In some embodiments, the temperature of the tissue may be raised to any suitable temperature, e.g., 43°C, and held constant within +/- 0.5°C for the entire duration of the procedure, e.g., 10 minutes.

In some embodiments, microwave energy may be administered as a series of alternating high and low power microwave pulses, or as a profile or treatment envelope, to elevate and maintain the temperature of the target tissue within +/- 0.5°C. For example, 20 W may be administered for 10 seconds to elevate the tissue temperature to 43°C, followed by 2 W for 300 seconds to maintain the tissue temperature at 43°C.

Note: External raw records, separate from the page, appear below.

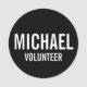 Black Volunteer Badge avec nom et titre en blanc gras sans serif police sur arrière - plan noir. Aussi parfait pour les stagiaires, l'équipage, le personnel, le groupe, l'équipe et plus.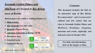 This document provides information about two hotels in Ras Beirut - Serenada Golden Palace and MidTown. It summarizes the surrounding amenities within walking distance, including cafes, restaurants, cultural centers, arts galleries, shopping areas, museums and nightlife. It also includes an interactive map of Ras Beirut and lists selected events happening in October 2022 in Beirut.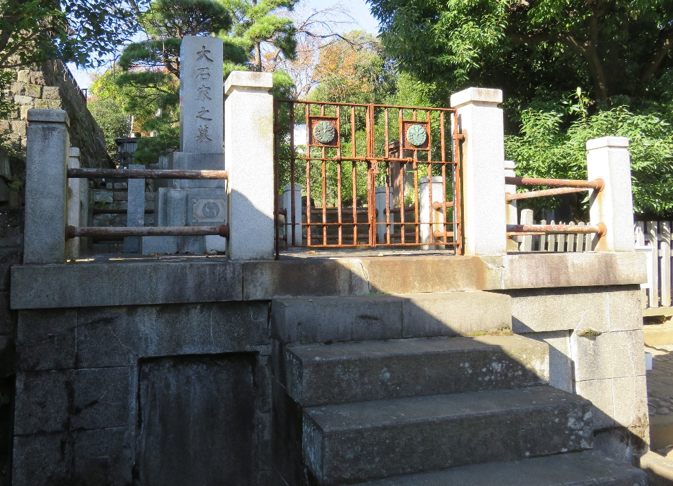 泉岳寺の大石家の墓・・・・・赤穂義士墓とは別に、良欽・良昭と良恭から大石家最後の当主・多久造まで歴代の墓がある。(2019/11/21) |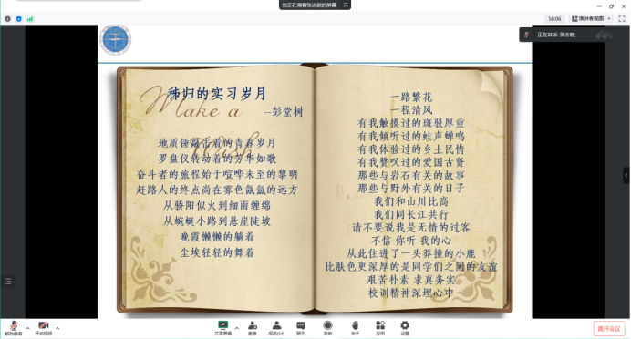 8月18日下午,beat365官方网站线上召开2022年秭归实习动员大会,学院副院长陈云亮,计算机应用系党支部书记武云,秭归实习队带班老师郭建秋、董玉森,班主任陈晓宇、陈麒玉,辅导员李祥瑞以及空间信息与数字技术专业194201班、194202班全体学生参加此次动员会。秭归实习队负责老师张志庭主持会议。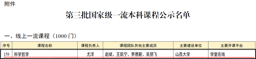 8月21日,教育部网站发布了《关于第三批国家级一流本科课程认定结果的公示》。公司尤洋教授团队申报的《科学哲学》入选第三批国家级一流本科课程(线上一流课程)。该课程于2019年正式上线学堂在线,至今已完整运行7年,线上授课13个班级。2021年该课程被认定为山西省一流课程,是william威廉中文官网哲学专业核心课程之一。尤洋为该课程负责人,授课团队包括赵斌、王凯宁、李德新、吴朋飞、康仕慧、杨维恒、王亚男、何华。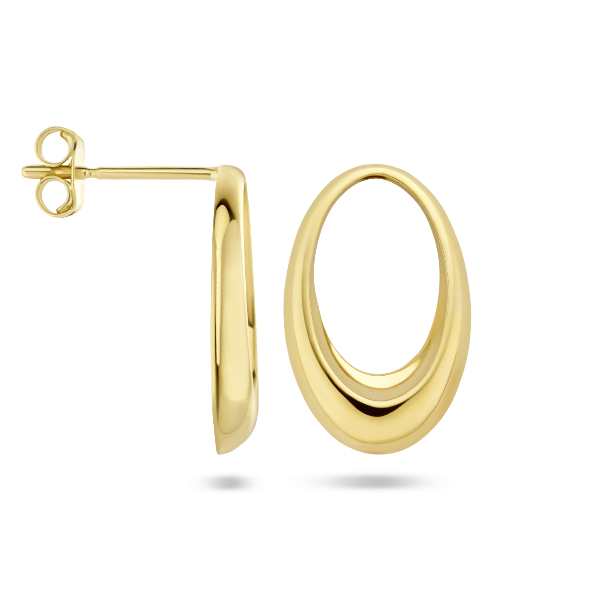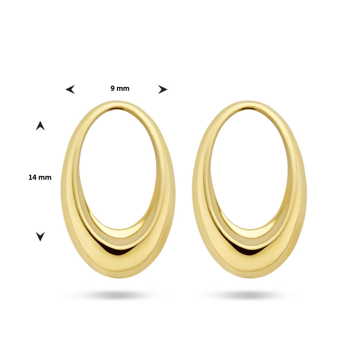 14k Geelgouden ovaalvormige oorknoppen met een afmeting van 14x9mm. Glad
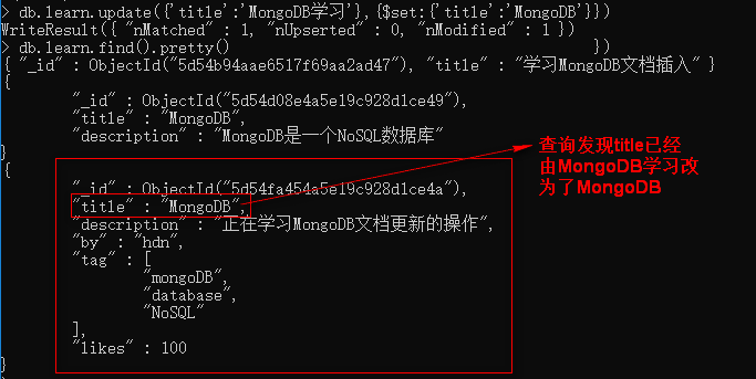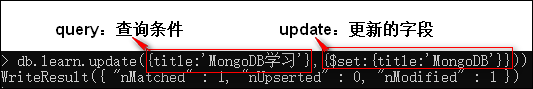 以上语句只会修改第一条发现的文档,如果要修改多条相同的文档,则需要设置multi参数为true。
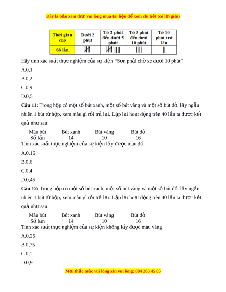 Đây là bản xem th , vu ử i lòng mua tài li u ệ đ xe ể m chi ti t (c ế ó l i ờ gi i ả ) Hãy tính xác su t ấ th c nghi ự m ệ c a s ủ ự ki n “ ệ S n ph ơ i ả chờ xe dư i ớ 10 phút” A.0,1 B.0,2 C.0,9 D.0,5 Câu 11: Trong h p ộ có m t ộ số bút xanh, m t ộ số bút vàng và m t ộ số bút đ . l ỏ y ng ấ u ẫ nhiên 1 bút t h ừ p, ộ xem màu gì r i ồ tr l ả i ạ . L p l ặ i ạ ho t ạ đ ng t ộ rên 40 l n t ầ a đư c k ợ t ế quả nh s ư au: Màu bút Bút xanh Bút vàng Bút đỏ Số lần 14 10 16 Tính xác su t ấ th c nghi ự m ệ c a ủ s ki ự n l ệ y đ ấ ư c ợ màu đỏ A.0,16 B.0,6 C.0,4 D.0,45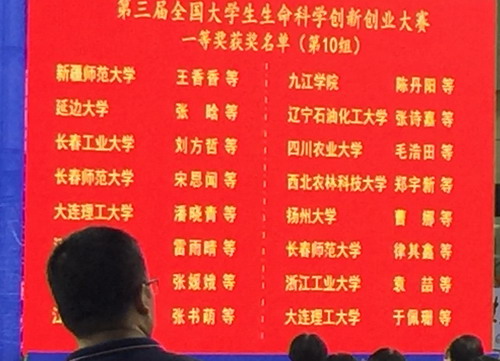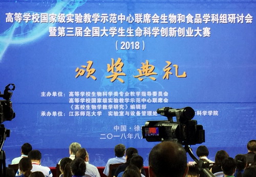 8月7-9日,由高等学校生物科学类专业教学指导委员会、高等学校国家级实验教学示范中联席会、《高等生物学教学研究》编辑部联合主办,由江苏师范大学、吉林大学生物国家级实验教学示范中心、吉林省生物化学与分子生物学会联合承办的第三届全国大学生生命科学创新创业大赛决赛在江苏省徐州市江苏师范大学举行。

Presented herein are examples of modulation of gene counts in diseased, microwave treated and normal tissues achieved using microwave systems and methods, where normal (illustrated with triangular markers) refers to healthy epithelial tissue, diseased (illustrated with circular markers) refers to diseased epithelial tissue, and MW treated (illustrated with diamond markers) refers to epithelial tissue treated using the presented microwave systems and methods. The present disclosure provides further examples of genes involved in key cancer pathways and their restoration using the disclosed microwave energy techniques is presented herein.

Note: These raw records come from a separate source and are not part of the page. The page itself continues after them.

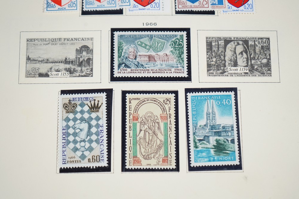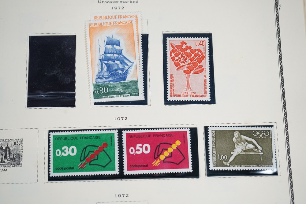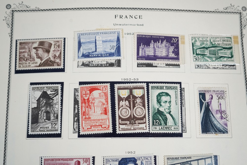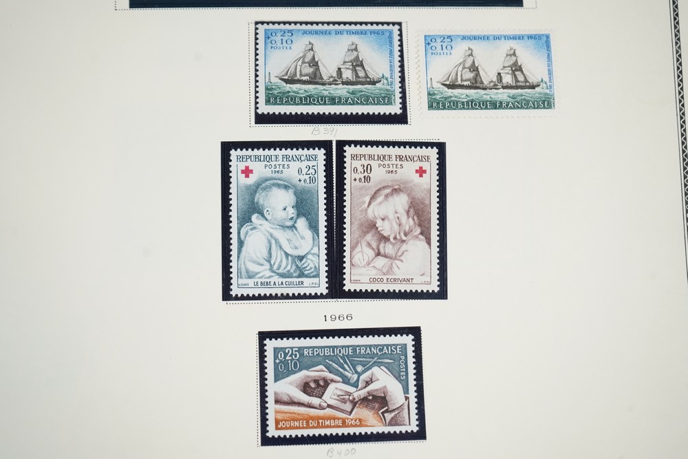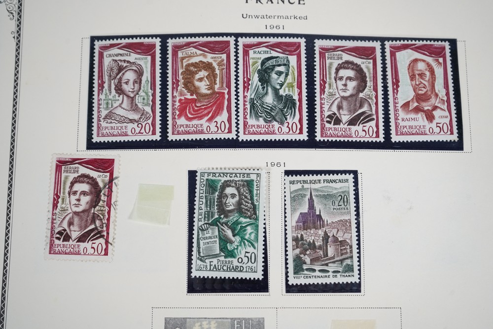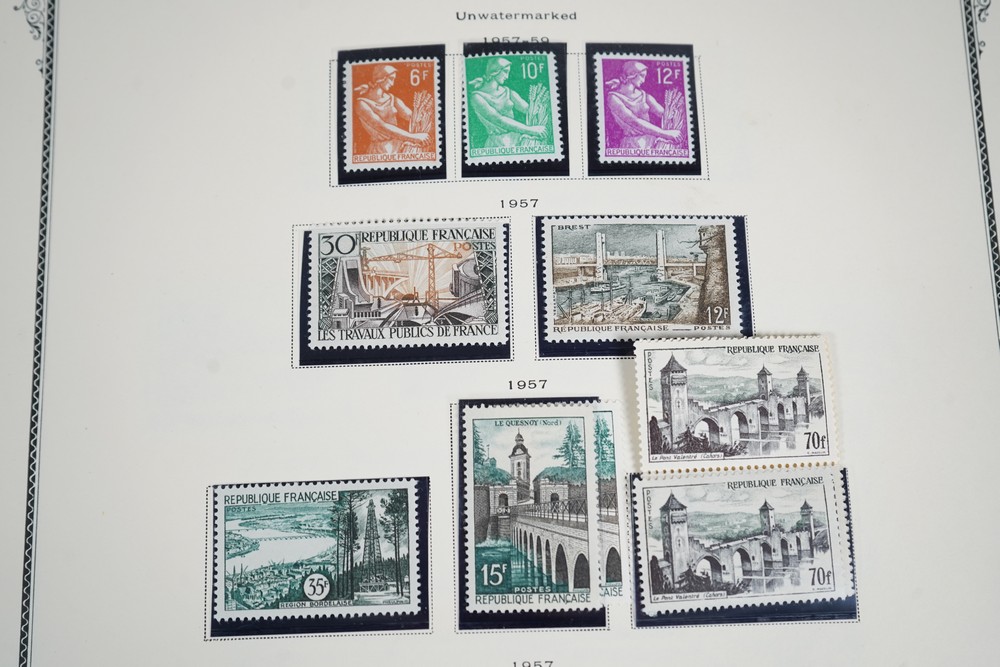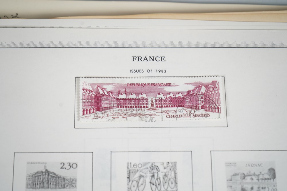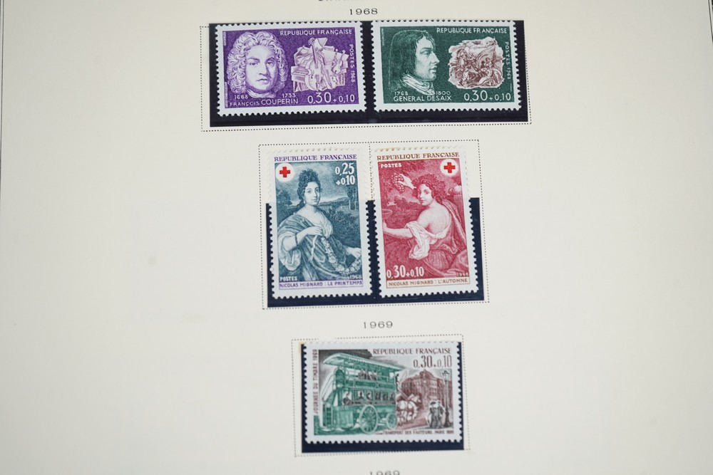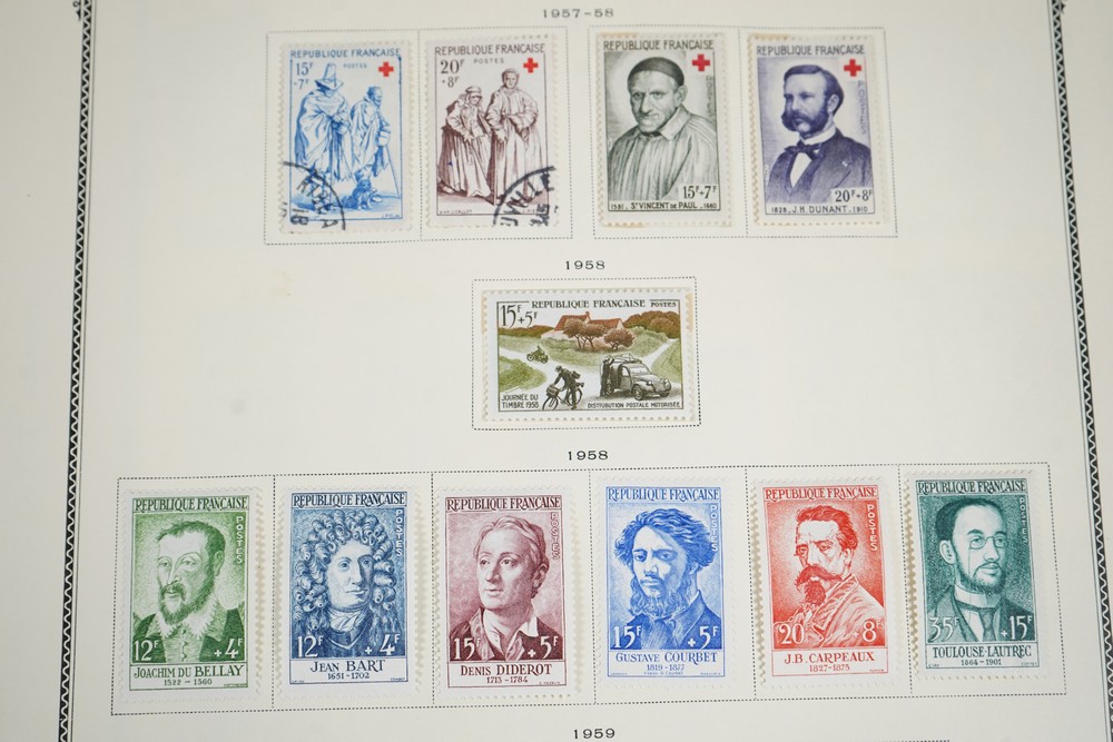 FRANCE 1850s-1970 COLLECTION OF 2,100+ STAMPS MINT & USED STORED ON ALBUM PAGES. INCLUDES SCOTT BINDER BUT THERE ARE NO PINS OR PEGS TO ATTACH PAGES TO.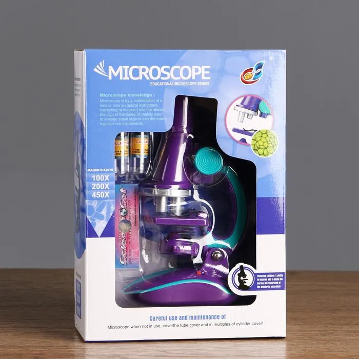Микроскоп "Юный исследователь", кратность увеличения 450х, 200х, 100х, с подсветкой, микс 1 — Характеристики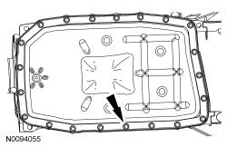 2. Remove the transmission fluid pan and allow the transmission fluid to drain.

In Figure 2, counts of IL8 (Interleukin 8) gene in tissues, e.g. epithelial tissue, before microwave treatment 102 and after microwave treatment 103 are shown and compared with normal tissue 101, e.g. healthy epithelial tissue. Microwave-treated tissue restored abnormally upregulated expression of IL8 gene from diseased epithelial tissue (count=510.5) and downregulated it (count=9) to be comparable with normal healthy epithelial tissue (count=7) with statistical significance at 0.05. IL8 is involved in many important immunoregulatory pathways such as cytokine signaling, host-pathogen interaction, lymphocyte activation, NLR signaling, oxidative stress, Th17 differentiation, Th2 differentiation, TNF family signaling and TLR signaling. IL8 is a chemotactic cytokine (chemokine) and a potent proinflammatory chemotactic molecule that plays a central role in enhancing and sustaining inflammation in gastrointestinal inflammation and malignancies. Furthermore, IL8 plays an important role in the epithelial-to-mesenchymal transition (EMT), which is known to induce tumor cell motility and invasiveness and promote metastasis of solid cancers [33][34].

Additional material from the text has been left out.